Late Night Television Sign Off...


Reviews

Reviewer: CWO-Lister - - January 18, 2014
Subject: Service to His Fellow Pilots
John Gillespie Magee, Jr. (9 June 1922 – 11 December 1941) was an American aviator (American father - British Mother) and poet who died as a result of a mid-air collision over Lincolnshire, UK during World War II. He was serving in the Royal Canadian Air Force, which he joined before the US officially entered the war.

He started "High Flight" on 18 August 1941, just a few months before his death. In his seventh flight in a Spitfire Mk I he had flown up to 33,000 feet. As he orbited and climbed upward, he was struck by words he had read in another poem — "To touch the face of God." He completed his verse soon after landing.

Magee enclosed the poem on the back of a letter to his parents. His father, then curate of Saint John's Episcopal Church in Washington, DC, reprinted it in church publications and from there it was picked up by many other publications especially following the John's Death.
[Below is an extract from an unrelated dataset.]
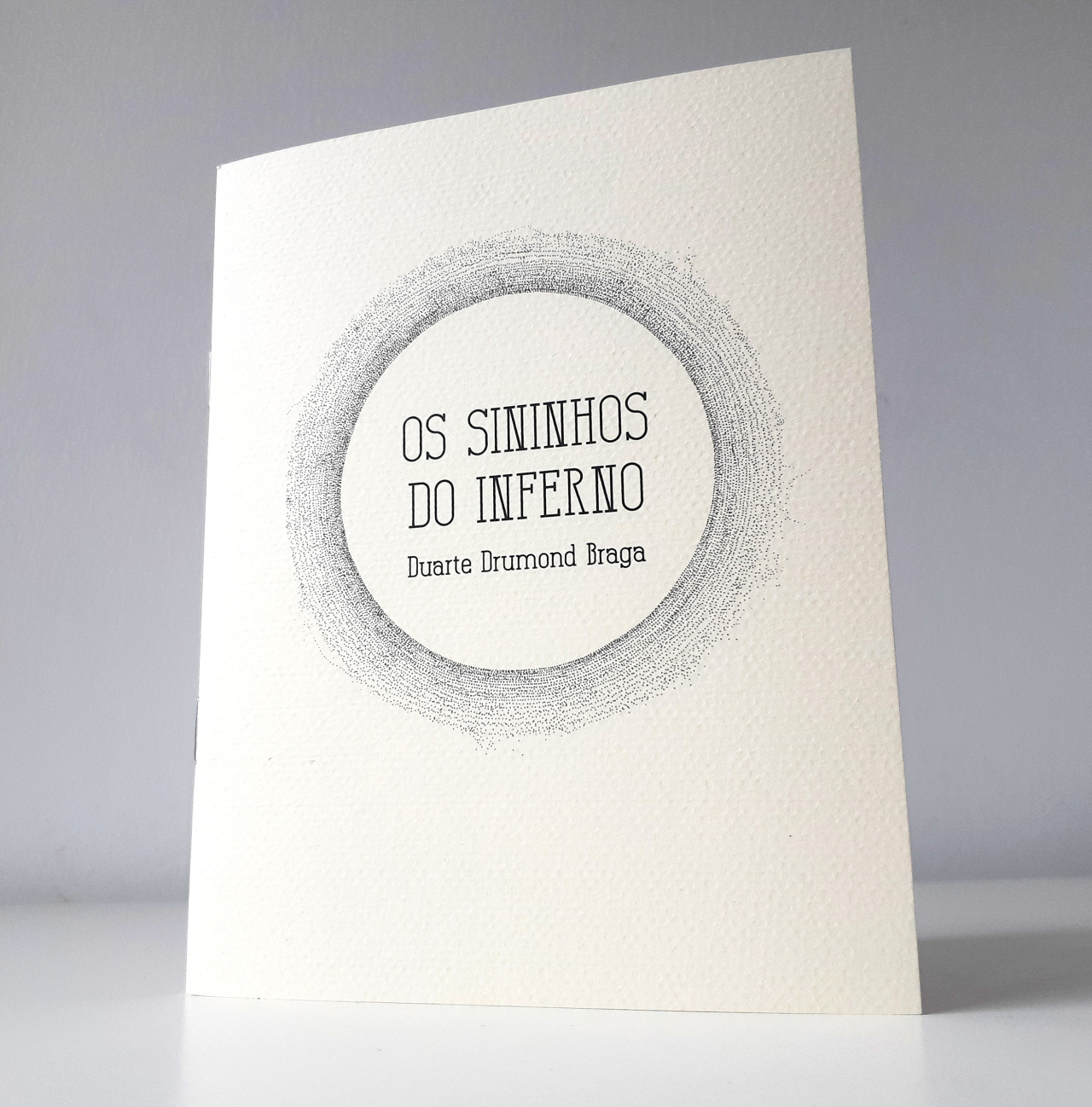 • Livro branco com título e nome do autor dentro de um círculo pontilhado cinzento

There is not a pilot alive who has not heard/read this poem. It answers, "Why do you fly?" when we haven't the words.
Reviewer: therrick - - May 24, 2012
Subject: Almost brought me to tears
When I was young but old enough to stay up late, I used to stay up late just to see and hear this clip when a local TV station went off the air. I did this many nights until I had memorized the poem. There was no Internet then and I had no other way to find the text of this poem then. Seeing and hearing this clip after over 40 years almost brought me to tears. It was, and is, my favorite poem and I quote it to myself often. This poem inspired me to an interest in flying and the space program. Unfortunately, I never did...and regret it even now when I hear this again. Thanks.
Reviewer: 167656 - - August 8, 2009
Subject: I Remember!
This ran on WTOP TV-9 in Washington, D.C. and it was followed by another film that I'd love to see even more, it was "Meditations" a soothing theme with scenes of rolling waves and surf. Anyone else remember that? Love to find it here someday.
Reviewer: cosmicola - - August 7, 2009
Subject: Beautiful
One of the best (and shortest) items on the entire Internet Archive is this short film that so many of us saw late at night on TV in the 60s and 70s, just before signoff, and usually followed by the national anthem, a test pattern, and the snowy noise of no more broadcast signal. The fine aviators amongst my family and best friends love this film.
Reviewer: drpsionic - - August 7, 2009
Subject: beautiful
and every small boy seeing that imagined himself in that cockpit.